4.2 Evaluation in Dynamic Scenes

TUM RGB-D [52] Dynamic Sequence Evaluation. To evaluate our system on TUM RGB-D [52] dynamic sequences, we compare it with LC-CRF SLAM [57], Crowd-SLAM [58], ORB-SLAM2 [14], NICE-SLAM [45], ESLAM [21] and Co-SLAM [47]. Our method achieves effective rendering, effectively avoids occlusion interference caused by high-dynamic human subjects, reasonably fills scene holes, and achieves high-precision geometric detail reconstruction with minimal artifacts.

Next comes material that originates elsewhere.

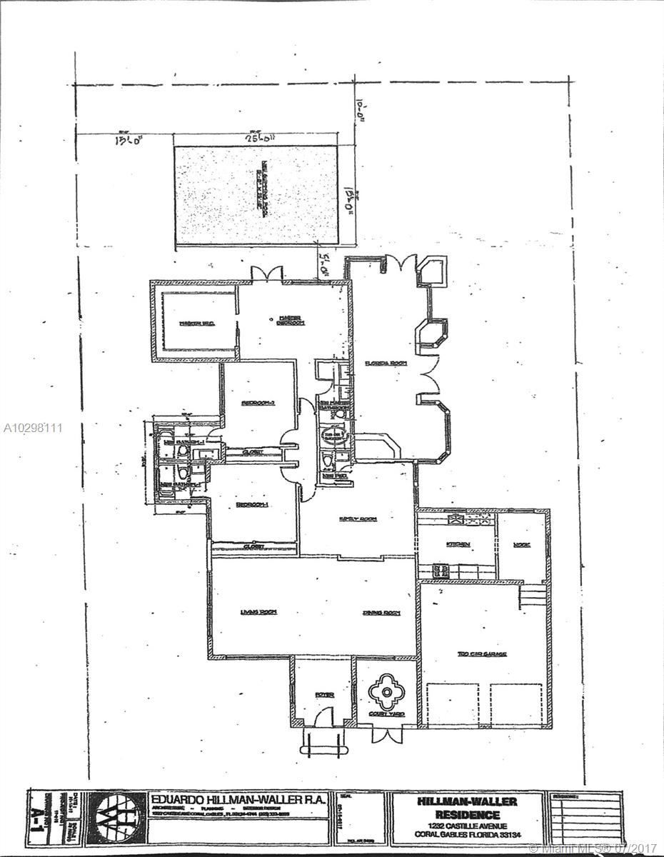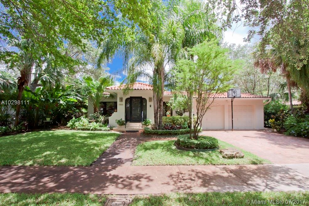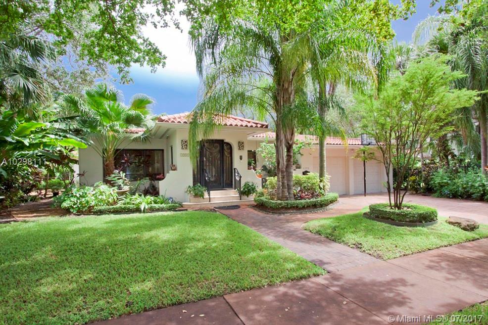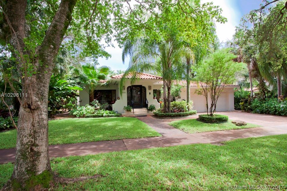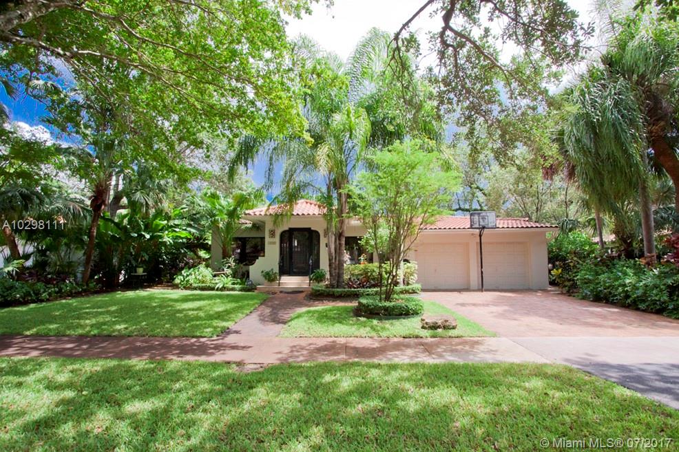 Gracious home located on tree-lined Castile Ave is walking distance from the Granada Golf Course and Coral Gables Country Club. An elegant foyer leads into a spacious marble-floored formal living and dining great room area. An additional family room and adjacent bright and inviting skylit sunroom with window-lined walls are the perfect generous space in which to entertain. Off the family room, the kitchen features wood cabinets and a breakfast nook with a bay window overlooking the meticulously maintained gardens. The master suite boasts a huge walk-in closet and french doors that open onto a wooden deck where you can enjoy the lush backyard and jacuzzi. Two car garage, large lot with room for a pool and an excellent location. SqFt per owner/architect.

Our method preserves the potential dynamic objects and enhances the integrity of the reconstruction. as shown in Figure 4. We have achieved tracking results that are competitive with traditional methods, as shown in Table 2. Due to severe accumulated drift, current neural implicit SLAM methods are unable to complete reliable mapping.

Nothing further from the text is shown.